● **DATA EXCERPTS**:
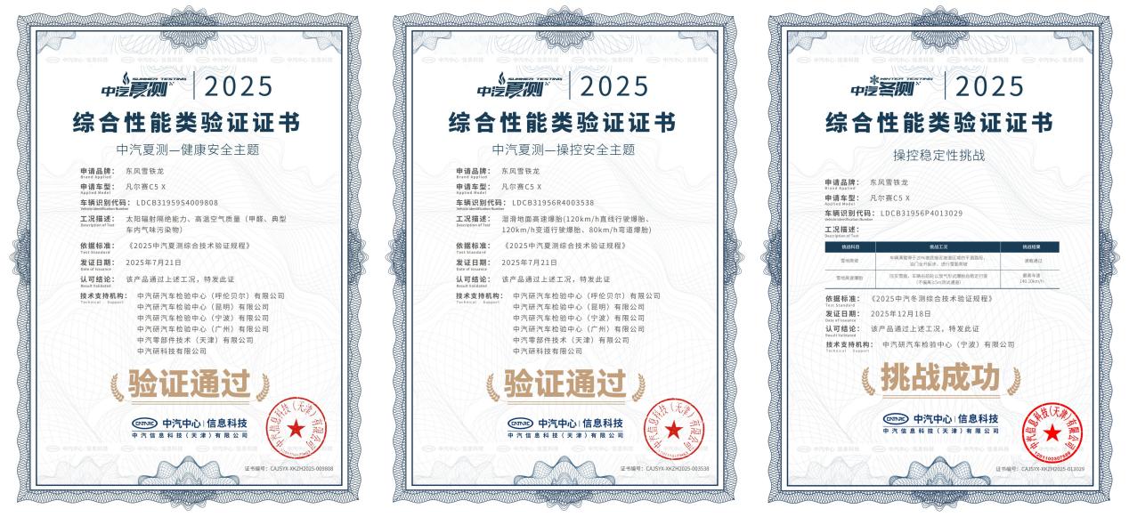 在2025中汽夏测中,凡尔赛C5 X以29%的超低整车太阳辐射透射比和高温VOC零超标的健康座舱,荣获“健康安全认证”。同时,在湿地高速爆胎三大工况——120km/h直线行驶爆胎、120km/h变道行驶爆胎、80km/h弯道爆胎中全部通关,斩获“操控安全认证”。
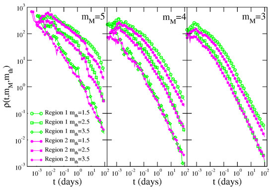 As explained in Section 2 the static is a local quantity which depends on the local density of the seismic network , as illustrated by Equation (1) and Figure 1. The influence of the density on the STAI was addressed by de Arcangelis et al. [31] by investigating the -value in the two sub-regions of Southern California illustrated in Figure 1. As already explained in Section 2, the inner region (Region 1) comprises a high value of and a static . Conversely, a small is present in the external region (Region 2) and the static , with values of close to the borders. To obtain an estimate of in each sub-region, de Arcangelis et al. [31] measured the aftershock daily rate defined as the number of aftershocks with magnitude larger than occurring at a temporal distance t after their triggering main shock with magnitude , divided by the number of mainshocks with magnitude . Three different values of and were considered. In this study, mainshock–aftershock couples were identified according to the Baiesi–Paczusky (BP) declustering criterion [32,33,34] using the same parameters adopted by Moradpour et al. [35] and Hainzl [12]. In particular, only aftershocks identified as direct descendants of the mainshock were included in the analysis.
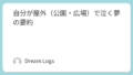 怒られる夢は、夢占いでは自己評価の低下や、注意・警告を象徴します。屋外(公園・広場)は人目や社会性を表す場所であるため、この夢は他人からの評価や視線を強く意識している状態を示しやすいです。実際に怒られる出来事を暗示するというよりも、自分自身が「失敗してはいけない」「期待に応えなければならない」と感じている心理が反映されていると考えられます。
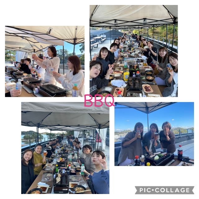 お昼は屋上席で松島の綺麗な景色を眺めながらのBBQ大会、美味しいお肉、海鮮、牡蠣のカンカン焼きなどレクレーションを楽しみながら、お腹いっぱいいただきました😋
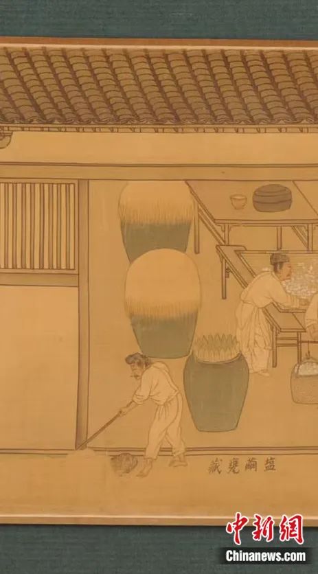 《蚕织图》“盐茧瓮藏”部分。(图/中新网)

==

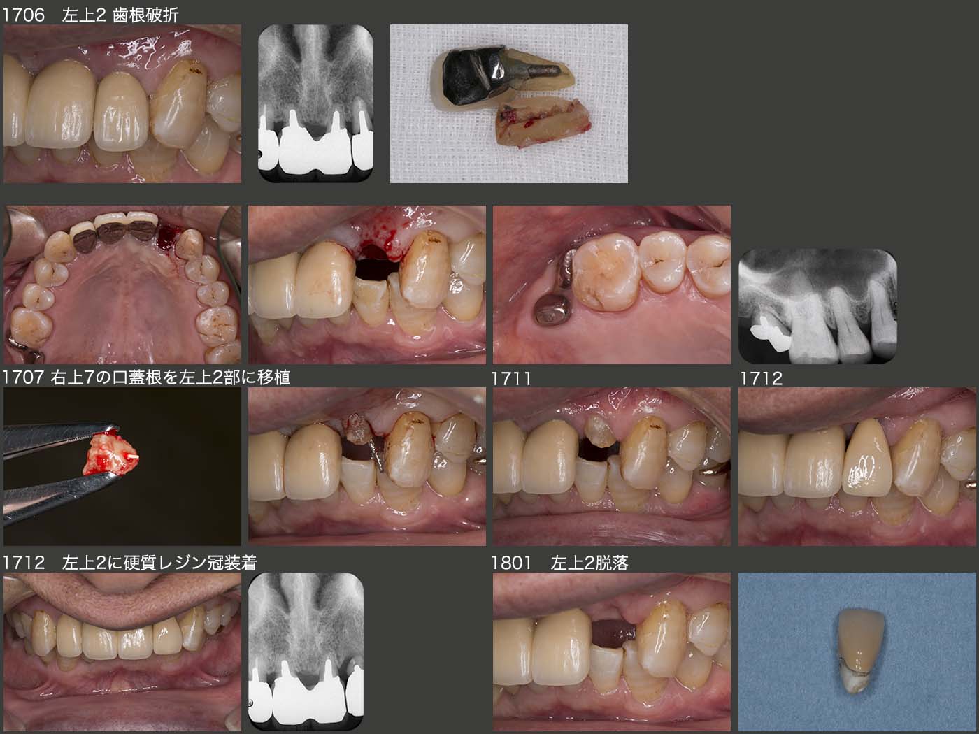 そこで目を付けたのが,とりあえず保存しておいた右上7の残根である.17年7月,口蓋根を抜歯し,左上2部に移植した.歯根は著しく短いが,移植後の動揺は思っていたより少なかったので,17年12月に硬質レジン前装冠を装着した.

---

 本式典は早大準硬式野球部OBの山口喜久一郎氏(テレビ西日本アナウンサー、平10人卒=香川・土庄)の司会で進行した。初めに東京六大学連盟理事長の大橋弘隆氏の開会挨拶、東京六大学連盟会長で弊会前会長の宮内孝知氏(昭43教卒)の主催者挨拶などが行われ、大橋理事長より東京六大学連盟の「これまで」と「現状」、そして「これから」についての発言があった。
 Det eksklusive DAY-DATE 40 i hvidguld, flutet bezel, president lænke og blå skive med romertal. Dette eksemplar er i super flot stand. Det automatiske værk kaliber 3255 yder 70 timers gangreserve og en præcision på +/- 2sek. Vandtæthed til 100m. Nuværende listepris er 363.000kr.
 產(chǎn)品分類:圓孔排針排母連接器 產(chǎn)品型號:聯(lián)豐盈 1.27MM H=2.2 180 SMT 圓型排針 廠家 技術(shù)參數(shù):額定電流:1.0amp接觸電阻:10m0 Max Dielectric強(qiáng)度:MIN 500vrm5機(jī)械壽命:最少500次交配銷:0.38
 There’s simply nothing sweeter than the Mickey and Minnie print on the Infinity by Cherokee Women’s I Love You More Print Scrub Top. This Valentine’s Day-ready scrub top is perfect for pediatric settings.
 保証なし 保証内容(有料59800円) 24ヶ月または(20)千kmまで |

● **EXERCISE PROMPT**:
Look through the entries above and quote exactly the lines from the line with "There’s simply nothing" to the line with "保証なし 保証内容(有料59800円) 24ヶ月または(20)千kmまで |", counting both of those lines.

● **ANSWER TO THE PROBLEM**:
 There’s simply nothing sweeter than the Mickey and Minnie print on the Infinity by Cherokee Women’s I Love You More Print Scrub Top. This Valentine’s Day-ready scrub top is perfect for pediatric settings.
 保証なし 保証内容(有料59800円) 24ヶ月または(20)千kmまで |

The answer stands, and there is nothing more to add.